Selon la dernière édition du Baromètre des risques d’Allianz, les cyberattaques, notamment les violations de données, sont le risque le plus préoccupant pour les entreprises. Pour les transporteurs, même s’il est important, c’est l’interruption d’activité qui les inquiètent avant toute autre chose. Nous vous proposons de voir en détail cette enquête qui marque cette année des évolutions.

En effet, comme pour les secteurs de l’hôtellerie, des loisirs & du tourisme ou de l’automobile, la cessation d’activité due à un facteur extérieur est classée comme principal risque pour les entreprises du transport (à 26%).
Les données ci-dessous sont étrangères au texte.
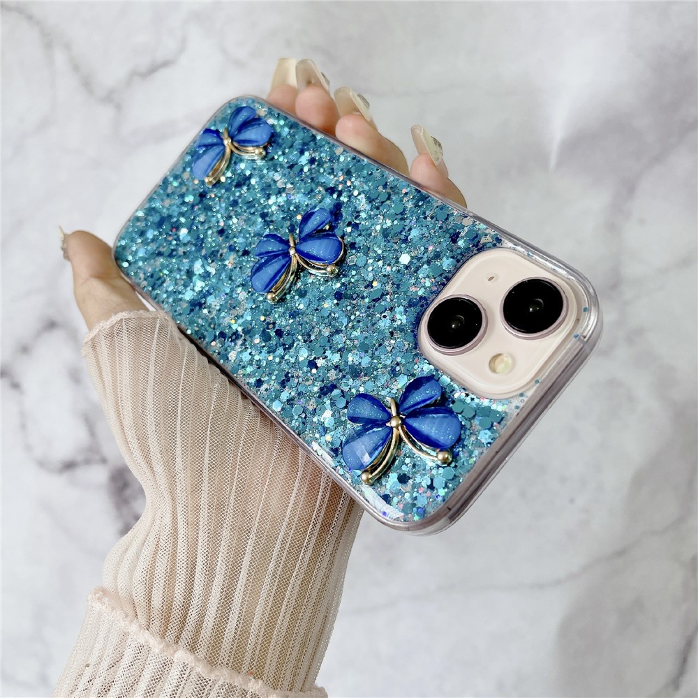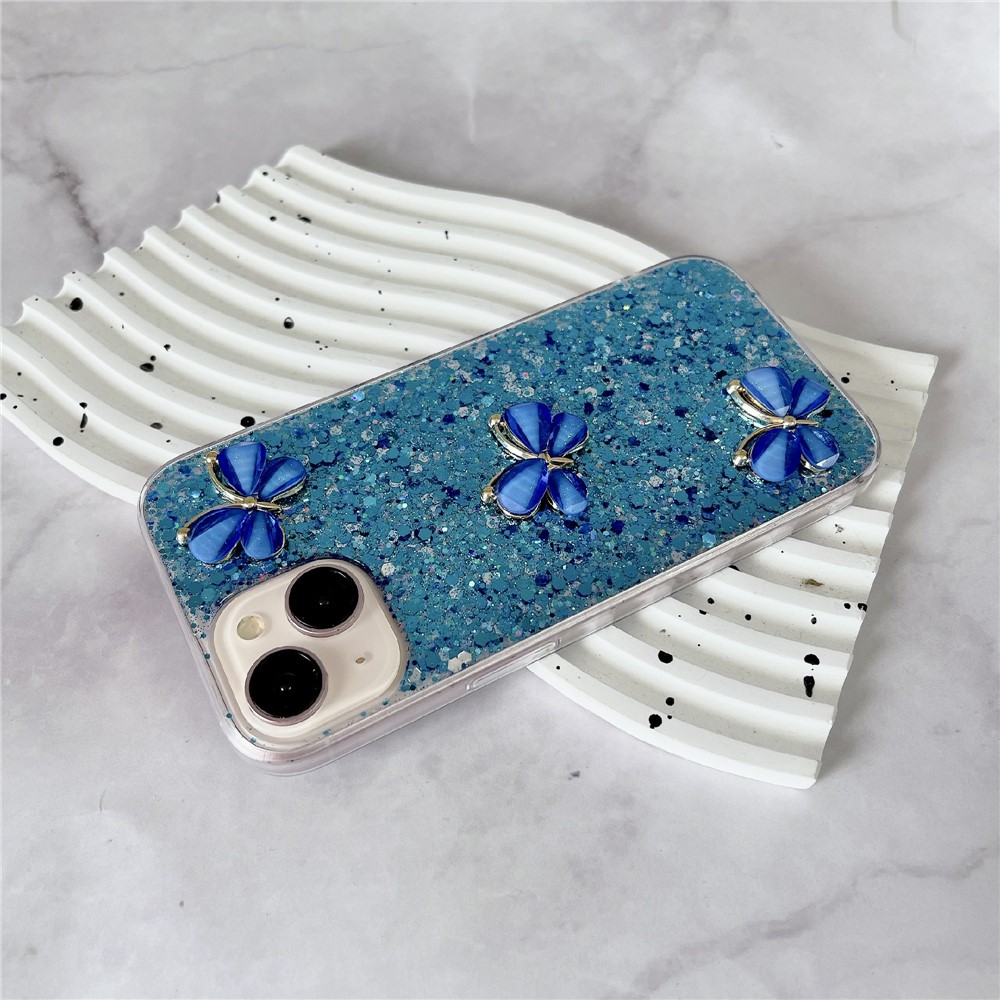 - Epoxy craft and 3D butterflies set against a sparkling glitter backdrop add a touch of elegance and whimsy to your device

Il est à noter que cette crainte d’interruption de l’entreprise est liée aux risques de perturbations logistiques.

Les incidents cyber n’arrivent qu’en seconde position avec 24% (contre 38% dans l’aérien). Les catastrophes naturelles préoccupent aussi particulièrement les transporteurs, toujours selon le Baromètre (à 24% contre 29% pour le transport maritime).

« Pour de nombreuses entreprises, le risque cyber, favorisé par le développement rapide de l’intelligence artificielle (IA), dépasse de loin tous les autres. Il devrait rester un risque majeur à l’avenir, compte tenu de la dépendance croissante à la technologie » a indiqué Rishi Baviskar, directeur mondial du conseil en risques cyber chez Allianz Commercial.

Le secteur du transport et de la logistique se dit inquiet aussi pour un autre risque : les évolutions législatives et réglementaires : à 22%. Qu’il s’agisse de nouvelles directives, du protectionnisme, des exigences RSE et en matière de durabilité. Pour rappel, ce risque était la première préoccupation des transporteurs en 2024 (à 29%), à égalité avec les vols et les fraudes.

Parmi les principales nouveautés : les entreprises considèrent aussi les risques politiques comme très préoccupants puisqu’ils progressent à la 4ème position (6ème rang en 2024). Elles sont également de plus en plus soucieuses des évolutions de marché, de l’insolvabilité et des risques environnements qui font leur entrée dans le Top 10.